3 minute read
Treating Body and Mind
Mental health services expand with new medical-psychiatric unit and special area in emergency department
CHKD recently made two big steps toward its goal of improving access to the most needed mental health services for our region’s children – opening a new medical-psychiatric inpatient unit and a new section of the emergency department specifically to meet the needs of patients with mental health concerns.
The medical-psychiatric unit, located in the main hospital, is designed to provide inpatient care for young people who need both medical treatment and mental health services. For instance, a child with an eating disorder may need medical intervention to treat poor nutrition along with mental health care to target the psychological aspects of the illness. A patient who has overdosed on medication will need to be physically stabilized and provided emotional support to address what led them to be admitted.
The unit is made up of seven private rooms designed to provide a safe environment, even when patients may be struggling with urges to harm themselves. A multipurpose area provides space for therapeutic group activities. Another room provides a place where patients can use sensory stimuli like music or the feeling of special textured surfaces to help manage their emotions.
“It’s a setting where mental health care is integrated into everyday medical interventions,” says Rachel Andam-Mejia, MSN, RN, nursing director of the new unit.
“There is downtime during inpatient medical treatment when the child is recovering in bed, and we’re now able to use that time to provide mental health care, such as teaching coping skills,” says Dr. Daniel Spencer, associate chief of psychiatry and mental health services at CHKD. “It’s a whole-child, integrated approach that helps children while they are here, and also gives them skills for when they go home again.”
Patients with mental health concerns will also have a new space in the emergency department, which was redesigned to include a six-bed area for them.
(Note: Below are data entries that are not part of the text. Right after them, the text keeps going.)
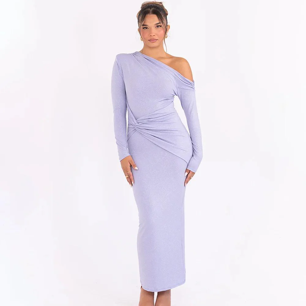 Robe longue pailletée Manches longues Une épaule dénudée Drapée Moulante
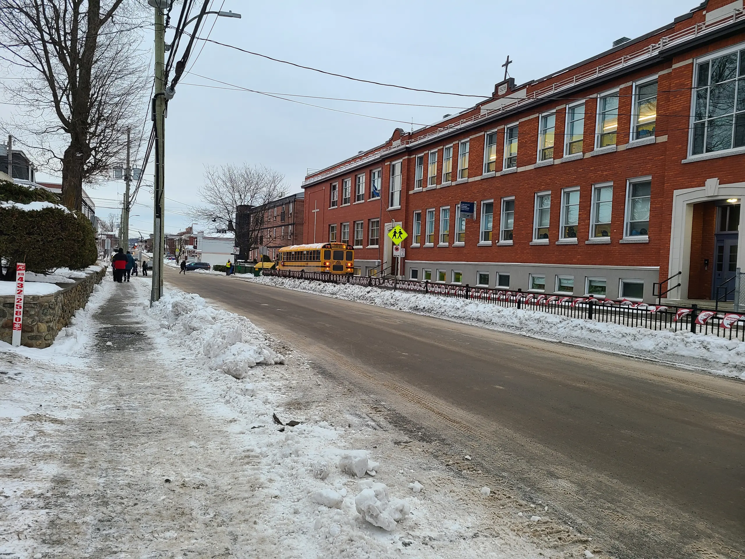 - À la traverse piétonnière devant l’école Brassard, sur la rue Saint-Patrice Ouest
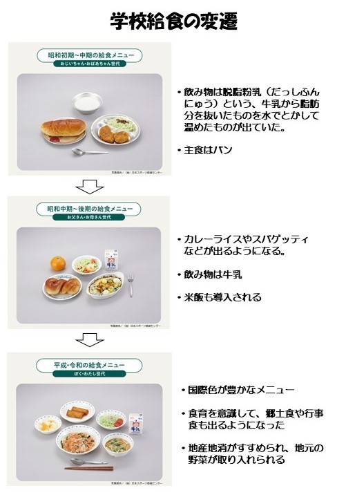 最初に宣言しますが、今日の献立にちなんだネタはありません(´;ω;`)ウッ… ハヤシライスもいもけんぴもすでに話題に出してしまいましたので、今日は農林水産省のホームページにあった「昭和から令和まで、年代別にみる学校給食の変遷」について紹介したいと思います。
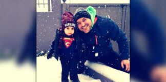 Ο μικρός Παναγιώτης Ραφαήλ στέκεται για πρώτη φορά στο χιόνι
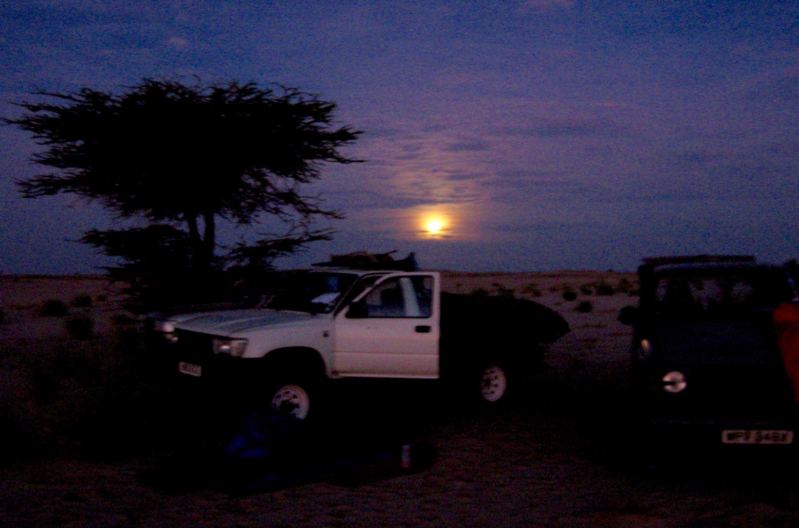 With out man in the UK on standby we settled back for the long drive to the Mauritanian border. Just south of Layounne we filled all our tanks with the last cheap fuel from Moroccan-controlled Western Sahara. I’d picked up an 50-gallon drum for nothing while Ron had ‘tiled’ his 60 with a carpet of jerricans. Roger and Sue had a built-in 400-litre set up. If the pump attendant was on a commission he was having a pretty good day, while for us it was an opportunity to find out how our rides performed at near-maximum payload. With relief my Taro still managed to pull up the odd incline without protest. Perhaps the Sand Sea would not be the death of it after all…
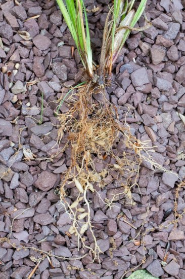 Iris laevigata 'Variegata' is a beautiful form of Rabbitear Iris. It is native to Japan and grows well in damp soils or shallow water. Photo taken May 2005 at Plant Delights Nursery by Nestor White.
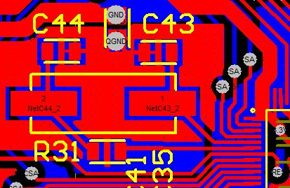 Ich geb' mal ein Beispiel, wie es bei mir ausschaut. Claudio H. schrieb: > Aber die Boards sind ja für die Community. Du kannst ja auch welche > haben :) Wie ich weiter oben schon erwaehnte, in dieser Form kann ich mit dem Board nichts anfangen. Meines müsste viel puritanischer sein. Edit: R5 ist die Brücke zwischen C43 und C44
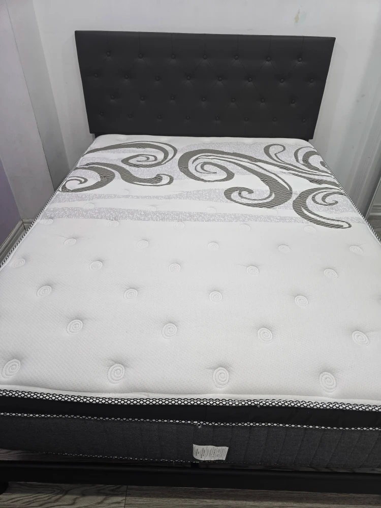 Selling a queen size mattress in great condition! It features a stylish design on the top and a sturdy construction. Perfect for a comfortable night's sleep just bought 45 days before both bed and head board selling both in that price

Built with safety in mind, the area gives patients more privacy and is staffed by nurses, mental health coaches, and mental health technicians, along with emergency medicine and other mental health providers.
These two areas are important components of CHKD’s ambitious mental health initiative, the centerpiece of which is the $224 million Children’s Pavilion currently under construction on the hospital’s Norfolk campus.
In addition to 60 inpatient beds, the Pavilion will offer outpatient therapy and partial hospitalization programs. “We’re designing care to meet specific needs in our community, and in the least restrictive settings possible for our patients,” says Dr. Carl Petersen, CHKD’s chief of psychiatry and mental health services.
The Children’s Pavilion will house a variety of medical services, so seeking mental health treatment will be as routine and accepted as any other healthcare service. A CHKD sports medicine clinic and General Academic Pediatrics will move into the building this spring. Outpatient mental health services will open next, followed by the first inpatient beds in the fall.